Back in the sky carriage, Tella still cannot believe that the Fates are returning to the world and that the Prince of Hearts kissed her. She asks Jacks why he wants Legend when he initially only wanted the man’s name; Jacks informs her that it makes no sense to merely accept Legend’s name when Tella can deliver the man in person. She asks for proof that Jacks knows where her mother is and that he knows her real name. In response, he gives her the card in which her mother has been trapped for seven years—a card with a dying heartbeat like her own. He makes her read the first clue and guides her to the Temple District, where he believes that the first clue is sending her.
Dreams of death haunt Tella’s nightmares. The next morning, when she wakes up, she can feel that her heartbeat has slowed overnight. After she tucks her mother’s card away for safe-keeping, she puts on the new outfit that Jacks has sent her—a sapphire-blue lace dress—and travels to the Satine District to keep an appointment he made for her at Minerva’s ModernWears (Tella is to obtain clothes that will support the illusion that she is Jacks’s fiancé). When she arrives, she believes that she must be in the wrong place. The Satine District contradicts her expectations of a luminous and expensive place for Valenda’s elite. Instead, the district looks rundown, as though it hosts many illicit enterprises. While she searches for Minerva’s, she finds the shop that she has used in the past to correspond with Jacks—Elantine’s Most Wanted. The proprietor directs her to Minerva’s and tries to warn her about the establishment, but Tella does not listen. When Tella arrives, she finds a guard sitting outside who unlocks an excessive number of locks to let her in.

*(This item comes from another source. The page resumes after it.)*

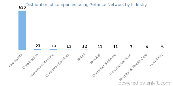 We have data on 2,169 companies that use Reliance Network. The companies using Reliance Network are most often found in United States and in the Real Estate industry. Reliance Network is most often used by companies with 1-10 employees and 10M-50M dollars in revenue. Our data for Reliance Network usage goes back as far as 5 years and 2 months.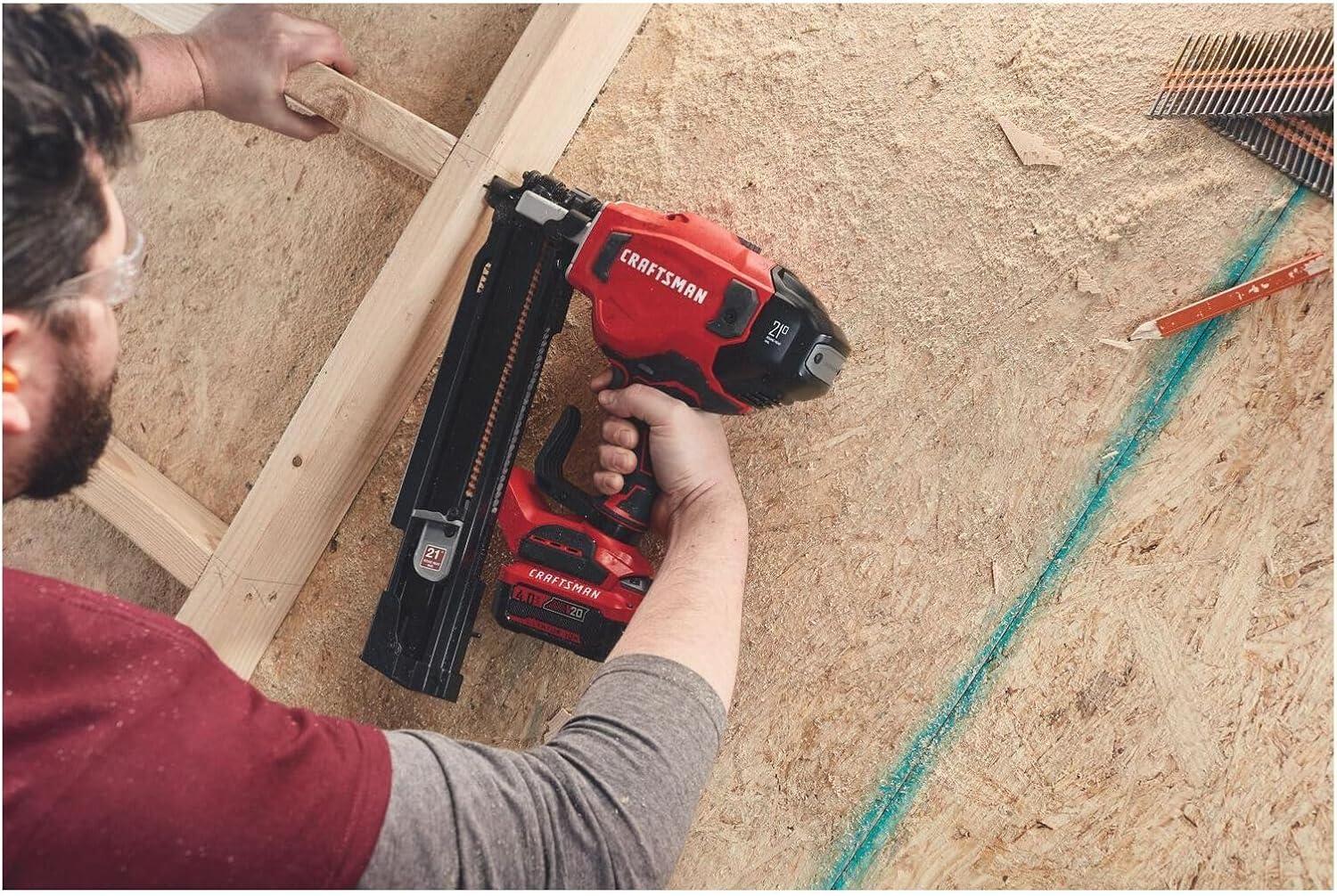 CRAFTSMAN V20 Cordless Framing Nailer, Nail Gun, 21 Degree, up to 3-1/4 inch Nails, Bare Tool Only (CMCN621PLB)

Minerva guides Tella to an interior room and asks her to wait, as she has arrived early for her appointment. Tella is confused about this. When she enters the room, she finds Dante waiting for her and realizes that he intercepted Jacks’s note and changed the time of her appointment at Minerva’s so that he could talk to her about the Fated Ball. He now reveals that he knows that Jacks is the Prince of Hearts. He asks Tella what the Prince wants. Mindful of Jacks’s threat, Tella maintains the ruse that she is happily engaged to Jacks and that his kiss did not kill her because she is his true love. However, Dante does not believe her. Before he can fully convince her to tell him the truth, Minerva returns and chases Dante out. As he leaves, he gives Tella one final warning that Caraval is very real and urges her not to trust the Prince of Hearts.

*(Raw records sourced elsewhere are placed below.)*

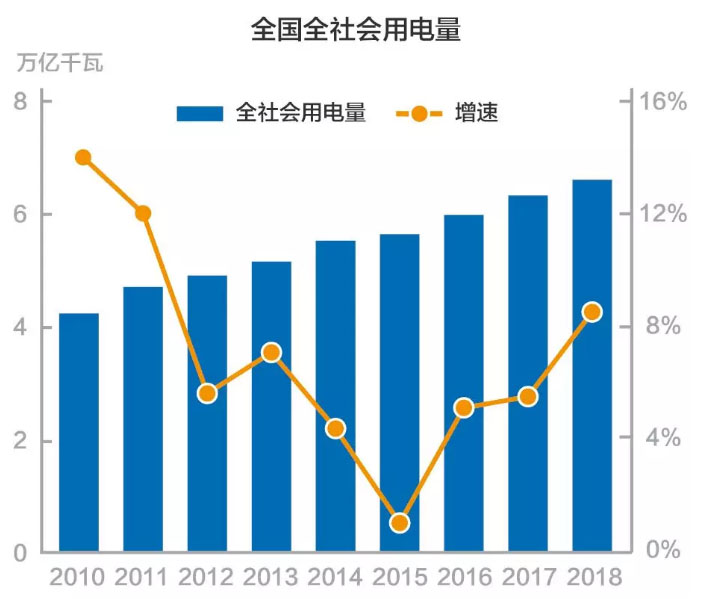 用電量歷來被稱為經(jīng)濟(jì)增長(zhǎng)的“晴雨表”。當(dāng)然,二者之間在特殊的年份有可能“脫鉤”,比如2018年用電量增幅再次高于GDP增幅。但從長(zhǎng)期看改變不了用電量與經(jīng)濟(jì)的正相關(guān)關(guān)系。過去10年用電量的低速增長(zhǎng)就證明了這一點(diǎn),這也是國(guó)家宏觀調(diào)控政策穩(wěn)中求變、不斷發(fā)力的結(jié)果。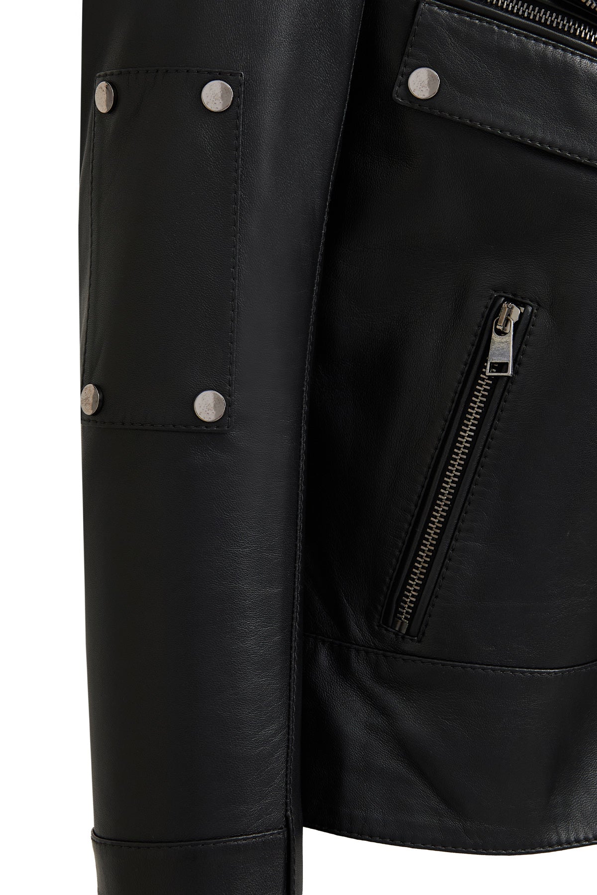 Roma Kadın Siyah Biker Deri Ceket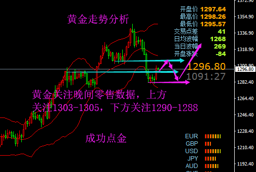 2、成功建议若有上周低位遗留多单的,一概先于1295-1300之间部分减仓,剩余持单改保本止损,波段目标看1305、1310预期;

Minerva brings in a cart of costumes and tells Tella to pick any costume she desires. She sorts through her options and finds an unfamiliar costume. She asks Minerva about it. The seamstress pales and says the costume should not be there, as it symbolizes Elantine’s Lost Heir, whom nobody believes exists. Despite Minerva’s protests, Tella chooses this costume as hers, claiming that the Prince of Hearts does not fully control her despite his power.
Tella returns to her room to find Scarlet waiting for her. Although Scarlet should not be in Tella’s room, she finds a secret passage linking their chambers. However, she wants to discuss Tella’s supposed engagement and demands to know what Tella is involved in. The more Tella insists that the engagement is genuine, the worse Scarlet feels because she does not believe it. Scarlet pleads with Tella to remember that Caraval is nothing more than a game and that she can trust no one while the game is occurring. Scarlet states that Tella should not participate in Caraval, but Tella insists. Scarlet will not participate in Caraval herself, so Tella assures her that she knows what is real and what is not.

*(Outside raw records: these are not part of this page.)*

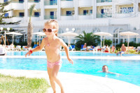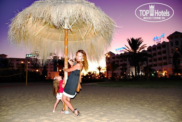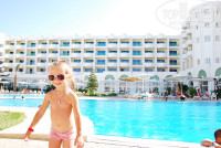 Теперь один из самых главных минусов: ЕДА. реально на троечку, особенно будете замечать этот недостаток, если отправитесь на отдых с детьми. еда перченая, ооочень жирная.в масле плавает. только несколько раз давали печеный картофель в фольге, дочка уплетала за обе щеки. супы несъедобные. морепродуктов не было. курицы и мяса много, но еда всё равно однообразная: овощи гриль -( помидоры, кабачки, баклажаны, грунтовые зеленые перцы). макароны, рис. фрукты: яблоки, сливы, иногда персики и виноград, арбузы, дыни. утром - кофе, какао, чай. обед и ужин - минеральная вода, ужасные соки Юпи и тунисская газировка, вино и пиво. вкусный кофе в лобби. еда - самообслуживание (шведский стол), напитки брать нельзя, приносят официанты (на обед и ужин) и как уже было сказано не раз в других отзывах, готовьте динары. тогда Вы получите напитки к еде и не будете портить свои нервы в ожидании. из спиртного пили вино красное и белое. очень хорошее, из бутылок, но наливают совсем понемногу. так что с официантами надо дружить. мы садились всё время за один столик, официанту давали в день по динару и получали за это отличное и быстрое обслуживание. кстати, вкусная пицца, булочки на утро. выпечка обинаковая каждый день, вполне съедобная, было мороженое, но мы не пробовали. главная проблема заключалась в воде - она вся соленая, и даже когда пьешь чай или кофе, чувствуется привкус. берите детям соки из дома, не пожалейте места в чемодане!!!!!!!!!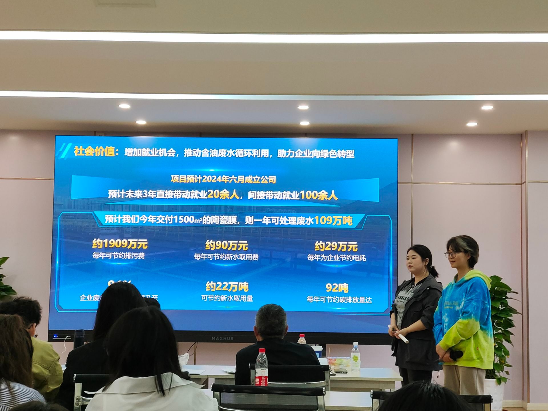 本次遴选采用PPT展示与专家问答两种形式相结合的方式进行。6支参赛队伍的主讲人依次上台,向评委和观众展现了项目的创新理念、市场潜力和团队执行力。他们围绕项目的研究背景、优势、实施过程以及预期效益等方面展开精彩论述。遴选作品涵盖文化创意、科技创新、健康服务、乡村振兴等领域,充分体现了公司创业教育成效以及员工扎实的专业素养和创新思维。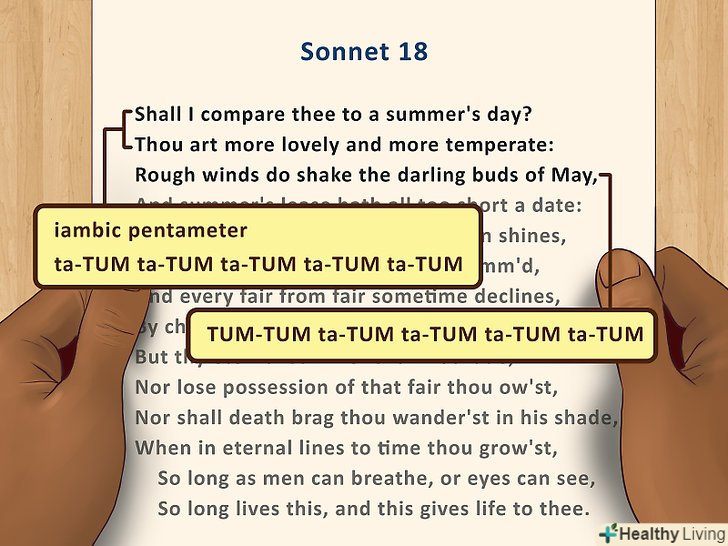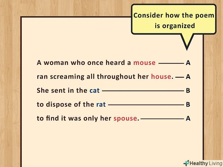 Досліджуйте ритм і розмір вірша.як правило, у кожного вірша є ритм і розмір, якщо воно написано за певною схемою. Читайте вголос, щоб почути і вловити ці аспекти. Єдиний вид поезії, який не слід чіткого ритму і розміру, носить назву верлібр, або вільний вірш. Всі інші вірші слідують певній схемі.[3]- У вірші використовуються рими? Поет римує кожен рядок з наступною? Через рядок? Проаналізуйте схему римування, щоб визначити форму вірша.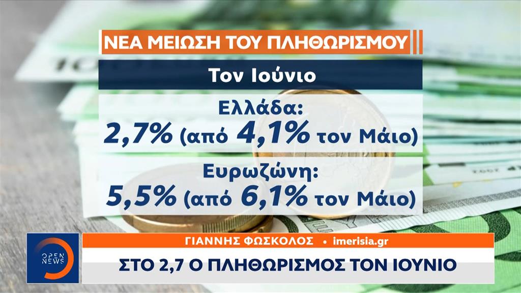 Νέα επιβράδυνση του πληθωρισμού στην Ελλάδα σημειώθηκε τον Ιούνιο, για ένατο συνεχόμενο μήνα, σύμφωνα με τα τελευταία στοιχεία της Eurostat. Ο ρυθμός αύξησης των τιμών στη χώρα μας υποχώρησε στο 2.7% από 4.1% τον προηγούμενο μήνα, σε αρκετά χαμηλότερο επίπεδο από τον μέσο όρο της ευρωζώνης που κυμαίνεται στο 5.5%, από 6.1% τον Μάιο. Σημειώνεται ότι ο πληθωρισμός στις ισχυρότερες οικονομίες της ευρωζώνης παραμένει σε υψηλά επίπεδα, με τη Γερμανία στο 6.8%, τη Γαλλία στο 5.3%, την Ιταλία στο 6.7% και την Ολλανδία στο 6.4%.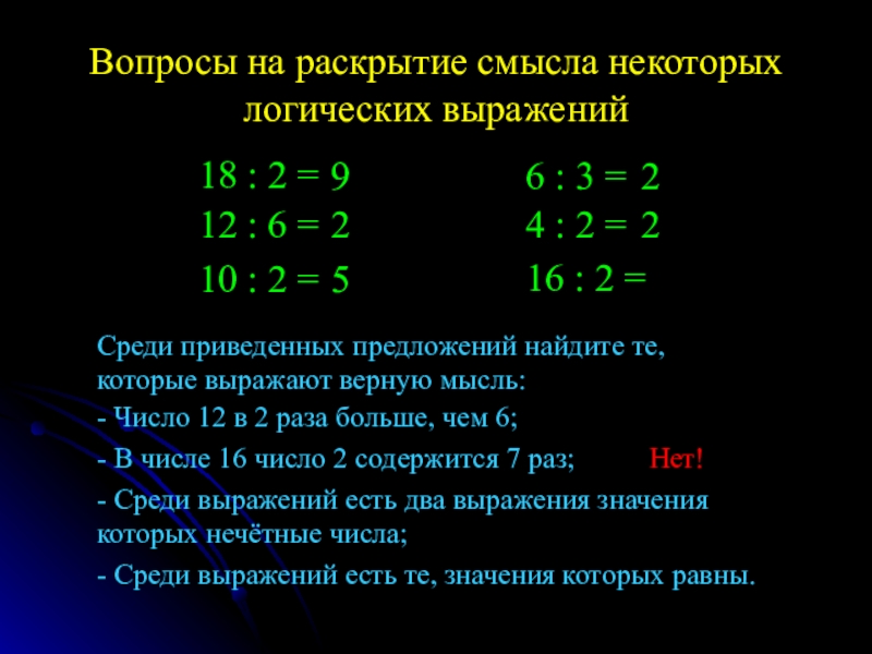 - Среди выражений есть два выражения значения которых нечётные числа;

As Garber introduces the primary conflict and clarifies the dire nature of Tella’s position, the protagonist’s experiences at Idyllwild Castle emphasize the theme of Discerning Illusion From Reality, and this concept is aptly embodied in the enigmatic and arrogant figure of Jacks, the Prince of Hearts. However, even before Tella becomes aware of Jacks’s identity as the Prince of Hearts and the mysterious friend who helped her during the events of the previous novel, Garber deliberately places the two characters in a tense conflict during their first meeting on the sky carriage. This scene foreshadows and establishes the dynamic between them for the rest of the novel, for just as they are trapped together in the sky carriage, arguing relentlessly, they will continually find themselves drawn to each other even as they fight against each other. Their ongoing conflict is further compounded by the fact that Jacks, as the Prince of Hearts, is one of the immortal Fates. Thus, not only must Tella fight against herself and her emotions, but also she must battle forces beyond the mortal world. For Tella, Caraval becomes a race against the clock, and she will die if she cannot achieve her goal.
Significantly, Tella’s actions reflect The Tension Between Free Will and Fate because she firmly holds her ground and refuses to change her views of Caraval even when evidence shows that the rules of the world around her have changed. For example, she adamantly denies the idea that unlike the last Caraval, this particular Caraval challenge is not an illusion, nor does she believe that there can be powers beyond herself that control her destiny. Her unwavering disbelief complicates the theme of Discerning Illusion From Reality because Garber suggests that Tella herself may not be a reliable judge of which is which. She does acknowledge that magic can kill her—because she witnessed magic’s effects during the previous Caraval—but she does not accept the idea that the Fates are powerful enough to change and control everything. More significantly, she rejects Dante’s insistence that the game is real this time. Thus far, Tella has remained a static character because she has refused to change and grow as a person. However, despite Tella’s resistance to her shifting circumstances, Garber suggests that Tella will soon undergo internal changes because she is repeatedly drawn to Dante and cannot resist his appeal despite her insistence that she will never love.
As with most of the scenes in this section, Tella’s arrival in Valenda and the first night of Caraval highlight the significance of Discerning Illusion From Reality. In contrast to the first novel—where everything was an illusion, and nothing was real—Tella’s skepticism creates an inherent tension because although she wants to see everything as being part of the game, it is imperative that she accept the reality of the world around her. A prime example of evidence that the events in this particular Caraval are based on reality comes in the contest’s opening message: “As fantastical as Caraval might feel, the next five nights are very real. Elantine has invited us here to save the Empire from her greatest fear” (116). In the previous novel, the pre-contest message insisted that everything was an illusion and warned participants not to get swept up in the game. Now, Caraval’s performers insist the precise opposite: that the game has real-world consequences. By highlighting this distinction between the first and the second novel, Garber crafts a warning not just for her characters, but also for her readers, who must necessarily view the unfolding events through Tella’s eyes. The welcome message for this round of Caraval therefore focuses on the risks and dangers of not believing the truth when one is presented with the appropriate evidence.
Throughout these chapters, the motif of cages appears in a variety of forms. The most prominent example occurs with the appearance of a literal cage in the middle of the Fated Ball’s dance floor. Significantly, people around Tella see the cage and those inside it as part of the entertainment; Tella, on the other hand, sees that “[f]rom afar they looked more like captive animals” (118). The fact that the Prince of Hearts forcibly guides Tella into a cage implies that he is also symbolically trapping her within his plan. The revelation of his identity and the act of kissing her bring his trap to life. Tella, who has always desperately fled from all forms of confinement, now finds herself trapped in an epic conflict between the Fates and Legend himself. Although she freely roams Valenda as part of her own quest, she now feels confined by the manipulations of far more powerful people who believe they have the right to make choices for her.